● Data to use:
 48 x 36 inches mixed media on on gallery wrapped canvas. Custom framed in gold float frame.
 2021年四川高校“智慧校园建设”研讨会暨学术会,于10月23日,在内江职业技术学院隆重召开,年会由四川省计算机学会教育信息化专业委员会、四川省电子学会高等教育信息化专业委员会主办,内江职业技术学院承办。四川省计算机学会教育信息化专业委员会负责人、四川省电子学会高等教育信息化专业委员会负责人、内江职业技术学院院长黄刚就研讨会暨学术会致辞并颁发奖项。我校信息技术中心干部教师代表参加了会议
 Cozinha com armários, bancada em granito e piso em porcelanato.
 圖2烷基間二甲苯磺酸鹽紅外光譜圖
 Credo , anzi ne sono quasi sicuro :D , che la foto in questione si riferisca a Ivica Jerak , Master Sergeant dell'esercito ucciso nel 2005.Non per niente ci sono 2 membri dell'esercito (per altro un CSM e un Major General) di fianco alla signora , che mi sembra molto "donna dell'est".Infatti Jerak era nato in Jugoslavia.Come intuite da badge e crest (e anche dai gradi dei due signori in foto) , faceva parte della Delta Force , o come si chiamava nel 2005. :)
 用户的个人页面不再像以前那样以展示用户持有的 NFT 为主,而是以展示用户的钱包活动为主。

* * *

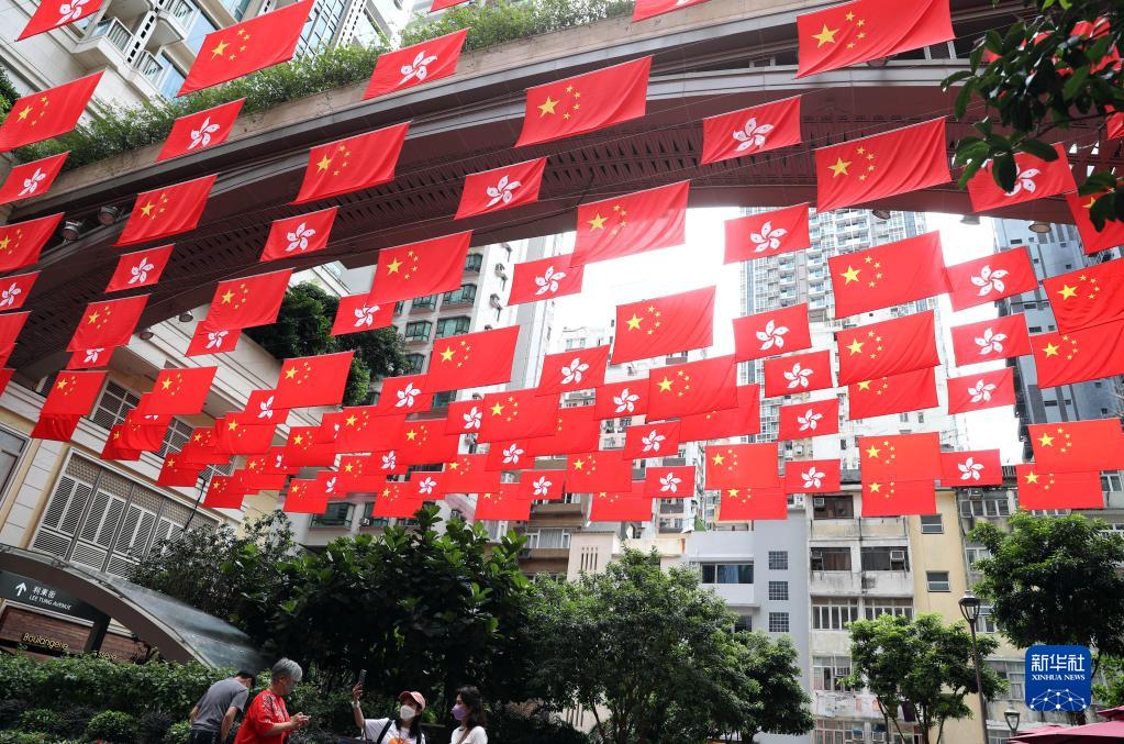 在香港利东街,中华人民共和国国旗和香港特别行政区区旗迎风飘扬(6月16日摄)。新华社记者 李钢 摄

● Activity:
What you return must be an exact retyping of the lines above starting at the line with "Cozinha com armários, bancada" and ending at the line with "圖2烷基間二甲苯磺酸鹽紅外光譜圖", and nothing besides.

● Response to the task:
 Cozinha com armários, bancada em granito e piso em porcelanato.
 圖2烷基間二甲苯磺酸鹽紅外光譜圖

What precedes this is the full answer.